## DATASET
——
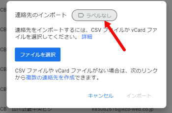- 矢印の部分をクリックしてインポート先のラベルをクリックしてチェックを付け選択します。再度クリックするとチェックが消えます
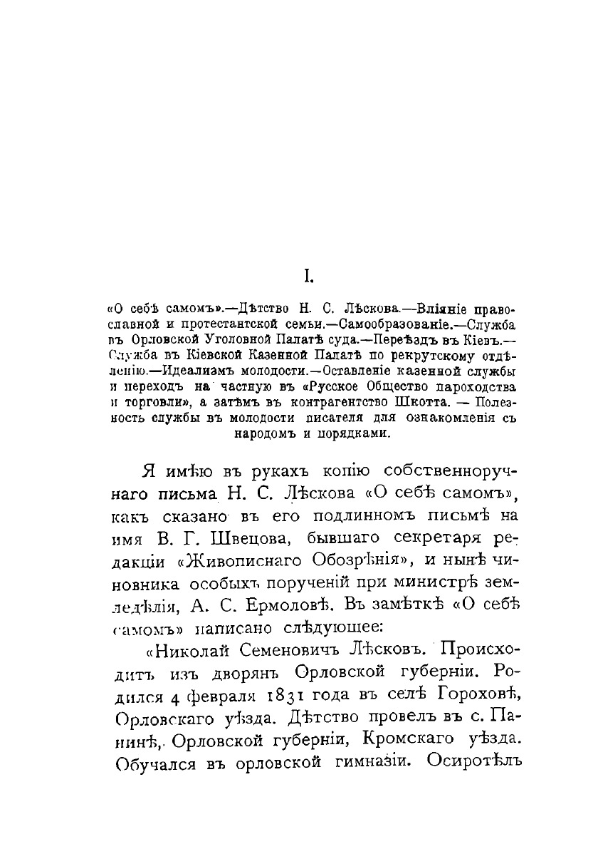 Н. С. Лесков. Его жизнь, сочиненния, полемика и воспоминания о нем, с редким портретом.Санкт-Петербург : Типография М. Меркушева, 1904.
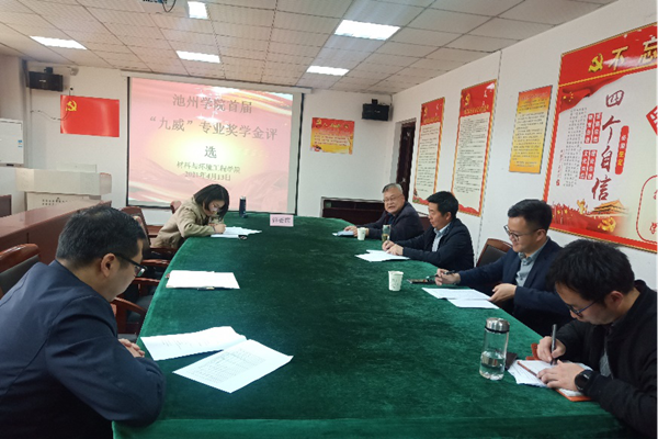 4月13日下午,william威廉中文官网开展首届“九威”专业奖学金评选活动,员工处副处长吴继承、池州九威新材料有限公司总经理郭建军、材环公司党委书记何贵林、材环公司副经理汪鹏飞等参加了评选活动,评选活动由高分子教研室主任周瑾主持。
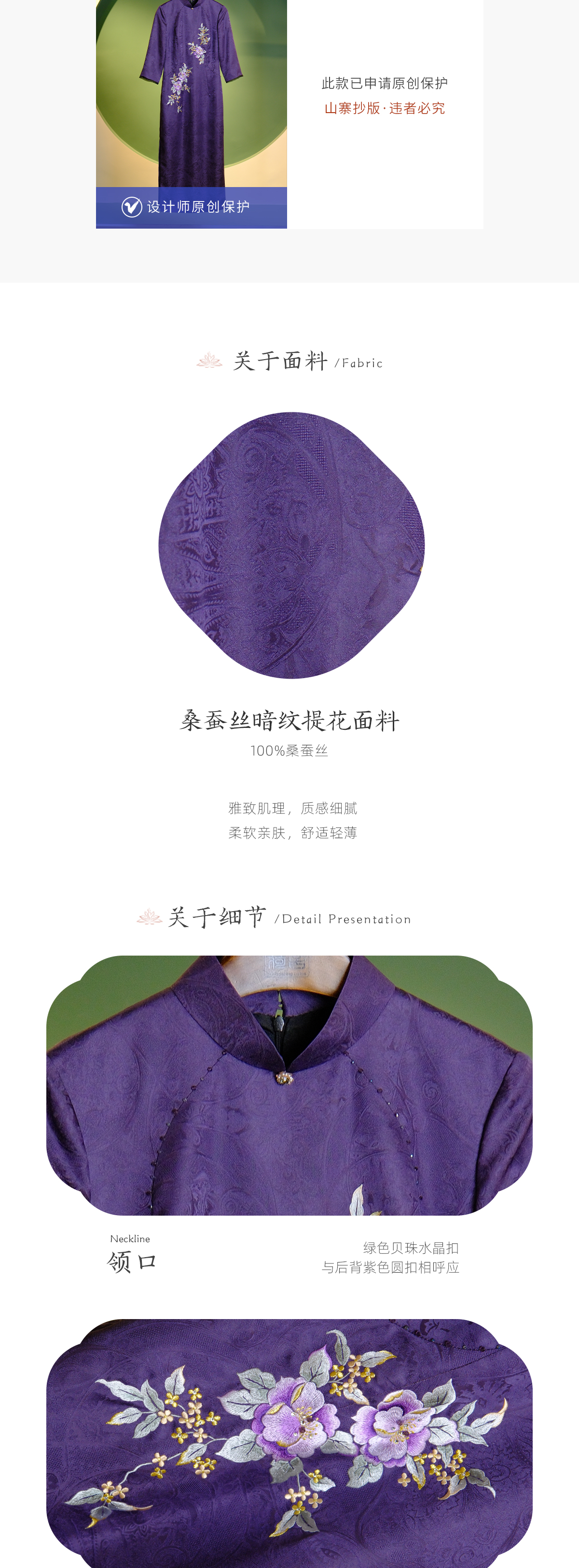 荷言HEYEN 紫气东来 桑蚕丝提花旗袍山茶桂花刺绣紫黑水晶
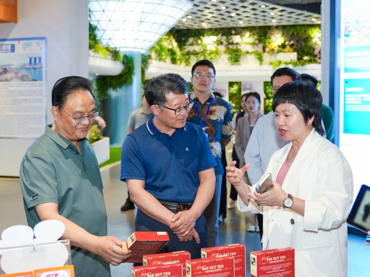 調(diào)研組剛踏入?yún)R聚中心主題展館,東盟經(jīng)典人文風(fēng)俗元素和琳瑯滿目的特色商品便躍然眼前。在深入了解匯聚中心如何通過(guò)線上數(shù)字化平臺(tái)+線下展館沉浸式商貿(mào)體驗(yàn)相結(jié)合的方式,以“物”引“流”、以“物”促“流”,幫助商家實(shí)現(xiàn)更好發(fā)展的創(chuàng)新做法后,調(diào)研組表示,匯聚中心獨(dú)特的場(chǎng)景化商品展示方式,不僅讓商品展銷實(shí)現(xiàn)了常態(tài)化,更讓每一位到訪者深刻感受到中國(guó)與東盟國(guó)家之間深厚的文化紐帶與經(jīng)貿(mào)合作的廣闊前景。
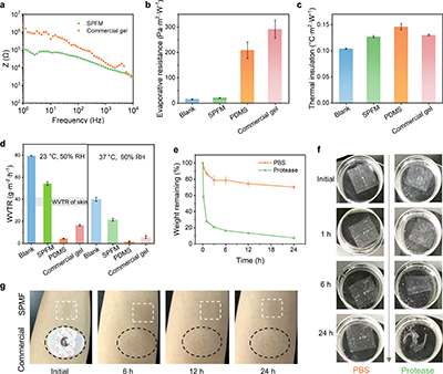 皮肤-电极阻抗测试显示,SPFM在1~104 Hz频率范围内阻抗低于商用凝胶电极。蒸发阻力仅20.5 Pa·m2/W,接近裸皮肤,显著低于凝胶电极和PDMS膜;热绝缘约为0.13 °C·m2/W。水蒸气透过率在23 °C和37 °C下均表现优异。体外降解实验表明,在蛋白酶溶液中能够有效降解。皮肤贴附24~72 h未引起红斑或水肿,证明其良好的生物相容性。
——
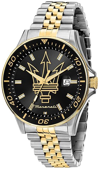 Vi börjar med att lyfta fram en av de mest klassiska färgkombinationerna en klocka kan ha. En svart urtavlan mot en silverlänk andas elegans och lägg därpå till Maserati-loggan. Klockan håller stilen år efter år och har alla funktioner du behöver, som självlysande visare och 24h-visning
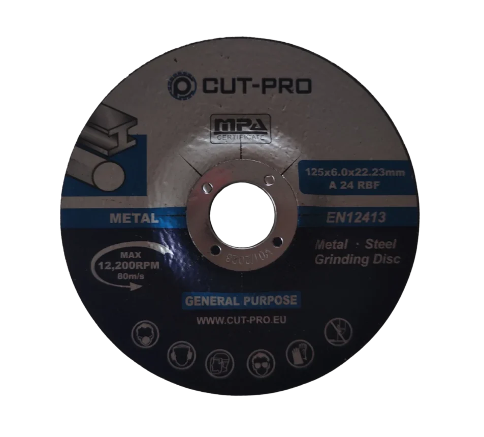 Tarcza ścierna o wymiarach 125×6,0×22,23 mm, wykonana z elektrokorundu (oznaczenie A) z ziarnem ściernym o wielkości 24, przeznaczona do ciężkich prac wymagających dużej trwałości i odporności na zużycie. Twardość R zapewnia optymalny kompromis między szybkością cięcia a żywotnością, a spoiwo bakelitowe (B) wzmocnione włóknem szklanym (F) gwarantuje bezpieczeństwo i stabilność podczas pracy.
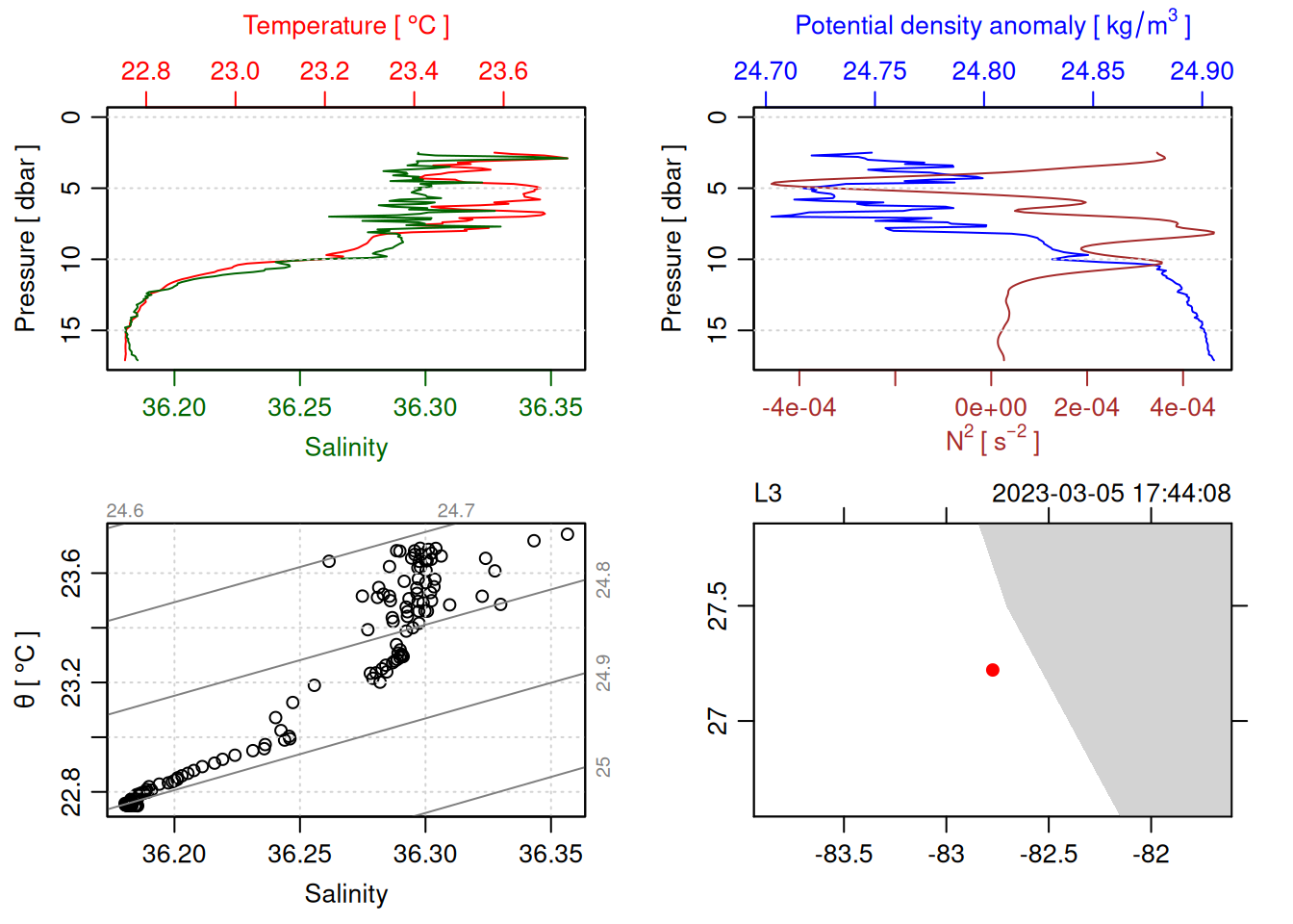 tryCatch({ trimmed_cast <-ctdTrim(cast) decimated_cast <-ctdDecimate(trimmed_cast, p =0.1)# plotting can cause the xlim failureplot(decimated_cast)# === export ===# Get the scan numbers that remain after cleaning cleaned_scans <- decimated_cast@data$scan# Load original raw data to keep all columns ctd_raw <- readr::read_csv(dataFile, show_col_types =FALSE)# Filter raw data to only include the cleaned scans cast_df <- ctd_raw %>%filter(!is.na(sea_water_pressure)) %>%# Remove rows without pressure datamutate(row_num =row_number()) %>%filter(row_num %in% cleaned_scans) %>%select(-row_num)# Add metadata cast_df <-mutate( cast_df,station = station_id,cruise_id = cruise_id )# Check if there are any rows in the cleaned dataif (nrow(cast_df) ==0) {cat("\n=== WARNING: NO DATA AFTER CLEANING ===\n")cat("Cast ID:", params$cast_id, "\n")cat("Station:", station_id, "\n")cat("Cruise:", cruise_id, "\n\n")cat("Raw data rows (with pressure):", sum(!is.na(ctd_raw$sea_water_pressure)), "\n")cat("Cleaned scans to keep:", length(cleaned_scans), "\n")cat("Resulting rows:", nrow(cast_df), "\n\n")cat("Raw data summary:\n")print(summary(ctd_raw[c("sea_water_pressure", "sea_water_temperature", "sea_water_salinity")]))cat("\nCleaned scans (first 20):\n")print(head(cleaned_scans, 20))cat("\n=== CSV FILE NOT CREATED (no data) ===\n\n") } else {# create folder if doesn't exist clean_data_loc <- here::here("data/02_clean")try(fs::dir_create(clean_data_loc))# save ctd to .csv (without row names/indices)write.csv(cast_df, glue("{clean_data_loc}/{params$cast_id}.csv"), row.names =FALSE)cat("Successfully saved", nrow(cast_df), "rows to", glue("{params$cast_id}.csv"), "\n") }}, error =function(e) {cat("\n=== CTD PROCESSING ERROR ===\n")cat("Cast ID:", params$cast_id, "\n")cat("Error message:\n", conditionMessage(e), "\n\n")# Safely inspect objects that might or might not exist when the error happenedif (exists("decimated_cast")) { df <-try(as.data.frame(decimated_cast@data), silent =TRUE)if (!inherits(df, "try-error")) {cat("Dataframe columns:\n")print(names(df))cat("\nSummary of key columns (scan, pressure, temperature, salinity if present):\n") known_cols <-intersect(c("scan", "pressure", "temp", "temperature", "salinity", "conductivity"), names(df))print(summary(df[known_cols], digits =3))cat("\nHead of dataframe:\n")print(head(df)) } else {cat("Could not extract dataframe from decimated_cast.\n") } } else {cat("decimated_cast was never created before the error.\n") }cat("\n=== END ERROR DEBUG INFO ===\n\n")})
——
## EXERCISE
For this task, return exactly the stretch of the listing above from the line with "4月13日下午,willia" through the line with "荷言HEYEN 紫气东来 桑蚕丝提花旗袍山茶桂花刺绣紫黑水晶", inclusive and without pictures.

## EXPECTED ANSWER
 4月13日下午,william威廉中文官网开展首届“九威”专业奖学金评选活动,员工处副处长吴继承、池州九威新材料有限公司总经理郭建军、材环公司党委书记何贵林、材环公司副经理汪鹏飞等参加了评选活动,评选活动由高分子教研室主任周瑾主持。
 荷言HEYEN 紫气东来 桑蚕丝提花旗袍山茶桂花刺绣紫黑水晶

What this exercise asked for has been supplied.